Here’s a sample code snippet to get you started:
# Import langformers
from langformers import tasks
# Initialize a searcher
searcher = tasks.create_searcher(embedder="sentence-transformers/all-MiniLM-L12-v2", database="faiss", index_type="HNSW")
'''
For other vector databases:
ChromaDB
searcher = tasks.create_searcher(embedder="sentence-transformers/all-MiniLM-L12-v2", database="chromadb")
Pinecone
searcher = tasks.create_searcher(embedder="sentence-transformers/all-MiniLM-L12-v2", database="pinecone", api_key="your-api-key-here")
'''
# Sentences to add in the vector database
sentences = [
"He is learning Python programming.",
"The coffee shop opens at 8 AM.",
"She bought a new laptop yesterday.",
"He loves to play basketball with friends.",
"Artificial Intelligence is evolving rapidly.",
"He studies CS at the University of Melbourne."
]
# Metadata for the respective sentences
metadata = [
{"action": "learning", "category": "education"},
{"action": "opens", "category": "business"},
{"action": "bought", "category": "shopping"},
{"action": "loves", "category": "sports"},
{"action": "evolving", "category": "technology"},
{"action": "studies", "category": "education"}
]
# Add the sentences
searcher.add(texts=sentences, metadata=metadata)
# Define a search query
query_sentence = "computer science"
# Query the vector database
results = searcher.query(query=query_sentence, items=2, include_metadata=True)
print(results)
Loading an Existing Database
Once a searcher is initialized, the specified index/database is persisted on disk (if FAISS and ChromaDB) and on cloud (if Pinecone). To load an existing database, initialize a searcher with the following parameters:
For FAISS:
index_path
anddb_path
.For ChromaDB:
db_path
andcollection_name
.For Pinecone:
index_name
- langformers.tasks.create_searcher(database: str, **kwargs)

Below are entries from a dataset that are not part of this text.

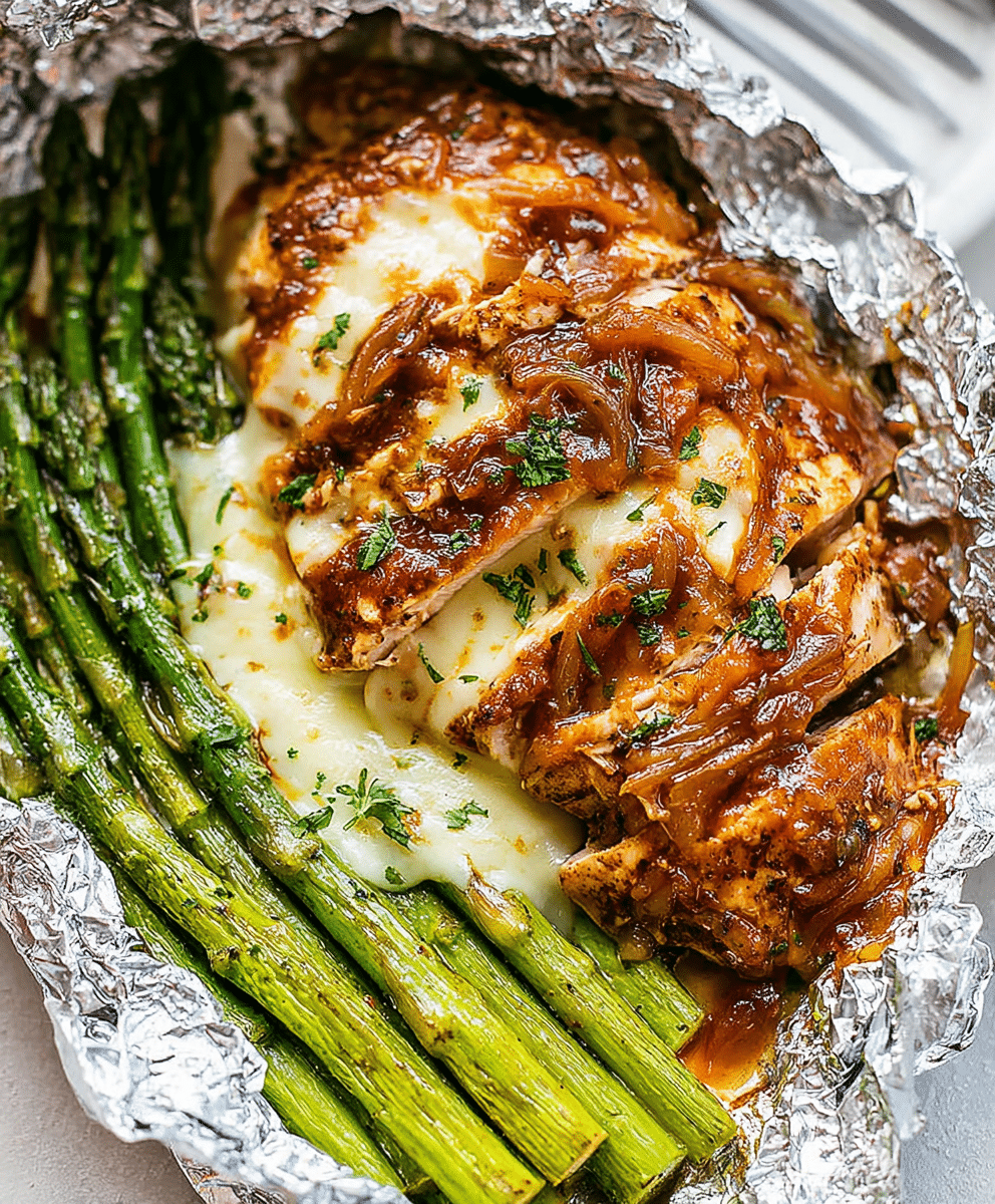 Easy French Onion Chicken Foil Packets with Cheesy Asparagus – Family Dinner Favorite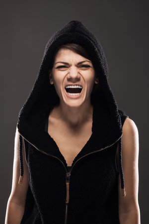 Beautiful angry girl with black hoodie. Lady screaming of discomfort against dark gray background.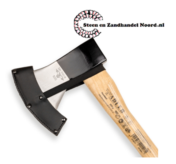 Handbijl of keukenbijl ADLER met een kopgewicht van 800 gram, voorzien van een Essenhouten steel in lengte 38 cm. Wordt geleverd met een stevige lederen beschermhoes, die dankzij een elastische band eenvoudig over de bijlkop geplaatst kan worden. Geschikt voor licht hak- en kliefwerk. De Adler handbijl van 800 gram, is de meest gebruikte uitvoering.

Factory method for creating a searcher and perform vector search.
- Parameters:
database (str, required) – Type of vector database (e.g., “faiss”). Supported database:
faiss
,chromadb
, andpinecone
.**kwargs (dict, required) – Database specific keyword arguments.
- Returns:
An instance of the appropriate searcher class, based on the selected database.
If database is “faiss”, an instance of FaissSearcher is returned.

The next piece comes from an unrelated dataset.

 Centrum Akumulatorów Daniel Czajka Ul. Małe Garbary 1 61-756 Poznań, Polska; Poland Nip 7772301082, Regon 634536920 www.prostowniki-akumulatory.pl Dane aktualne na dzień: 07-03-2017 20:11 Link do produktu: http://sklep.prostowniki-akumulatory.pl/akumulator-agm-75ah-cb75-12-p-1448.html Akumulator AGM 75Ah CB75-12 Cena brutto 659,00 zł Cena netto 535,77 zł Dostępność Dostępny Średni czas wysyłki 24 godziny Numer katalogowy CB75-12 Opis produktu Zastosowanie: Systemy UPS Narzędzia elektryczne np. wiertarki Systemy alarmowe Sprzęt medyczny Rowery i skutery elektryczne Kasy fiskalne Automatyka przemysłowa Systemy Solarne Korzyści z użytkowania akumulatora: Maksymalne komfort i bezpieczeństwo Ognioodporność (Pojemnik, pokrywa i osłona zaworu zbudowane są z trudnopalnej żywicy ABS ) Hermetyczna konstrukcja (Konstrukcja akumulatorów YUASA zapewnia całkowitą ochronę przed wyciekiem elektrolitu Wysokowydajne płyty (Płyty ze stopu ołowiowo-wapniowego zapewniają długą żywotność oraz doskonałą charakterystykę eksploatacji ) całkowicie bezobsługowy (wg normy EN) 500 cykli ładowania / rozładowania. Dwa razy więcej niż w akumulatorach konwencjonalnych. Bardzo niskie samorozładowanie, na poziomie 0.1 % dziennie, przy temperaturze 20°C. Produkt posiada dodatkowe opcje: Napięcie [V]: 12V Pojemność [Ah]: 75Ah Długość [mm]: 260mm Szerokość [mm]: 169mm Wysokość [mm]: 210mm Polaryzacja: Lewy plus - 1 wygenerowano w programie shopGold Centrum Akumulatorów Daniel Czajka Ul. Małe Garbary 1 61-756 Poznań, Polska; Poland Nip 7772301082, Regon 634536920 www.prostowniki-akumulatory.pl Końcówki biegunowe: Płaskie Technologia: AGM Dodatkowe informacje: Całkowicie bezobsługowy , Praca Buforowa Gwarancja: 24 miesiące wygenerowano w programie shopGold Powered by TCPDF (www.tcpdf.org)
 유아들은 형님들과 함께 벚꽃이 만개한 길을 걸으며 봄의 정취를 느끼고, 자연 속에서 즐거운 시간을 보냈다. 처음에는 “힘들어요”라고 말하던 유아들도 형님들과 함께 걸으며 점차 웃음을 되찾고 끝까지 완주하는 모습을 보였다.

If database is “chromadb”, an instance of ChromaDBSearcher is returned.
If database is “pinecone”, an instance of PineconeSearcher is returned.

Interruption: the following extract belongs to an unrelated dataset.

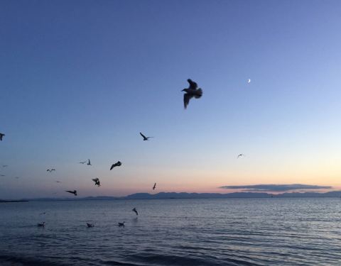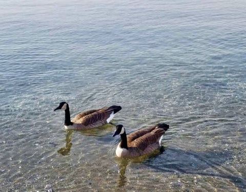 蓝天白云,阳光下泛着淡淡光芒的大海,还有一群群大雁和海鸥。和其他的海湾区别不是很大,如果很有空闲,坐在海边的石头上发发呆吧!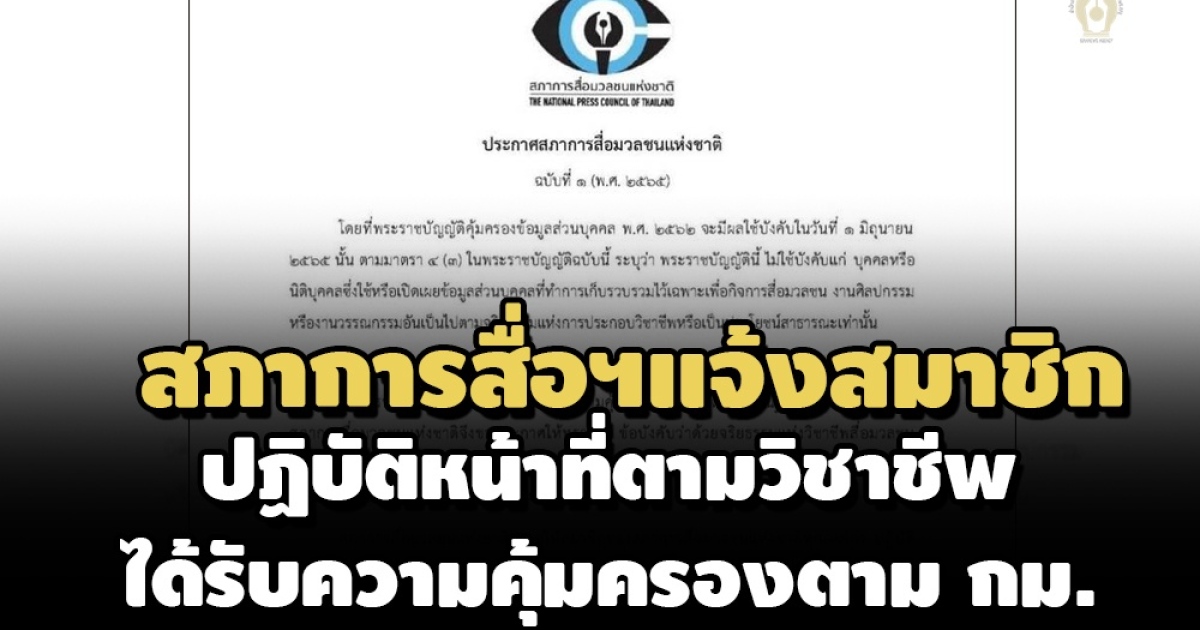 'สภาการสื่อมวลชนแห่งชาติ' ออกแถลงการณ์แจ้งสมาชิกทุกองค์กร ปฏิบัติหน้าที่อยู่ในกรอบข้อบังคับจริยธรรมแห่งวิชาชีพสื่อมวลชน เพื่อจะได้รับความคุ้มครองตาม พ.ร.บ.คุ้มครองข้อมูลส่วนบุคคล พ.ศ.2562

kwargs for FAISS database:
- class langformers.searchers.FaissSearcher(embedder: str = None, index_path: str | None = None, db_path: str | None = None, index_type: str | None = 'HNSW', index_parameters: dict | None = None)
Bases:
object
A FAISS-based semantic search engine for vectorized text retrieval.
This class allows efficient nearest neighbor search using FAISS and stores text data in an SQLite database. It supports different FAISS index types (FLAT and HNSW) and provides methods for adding, querying, and managing the search index.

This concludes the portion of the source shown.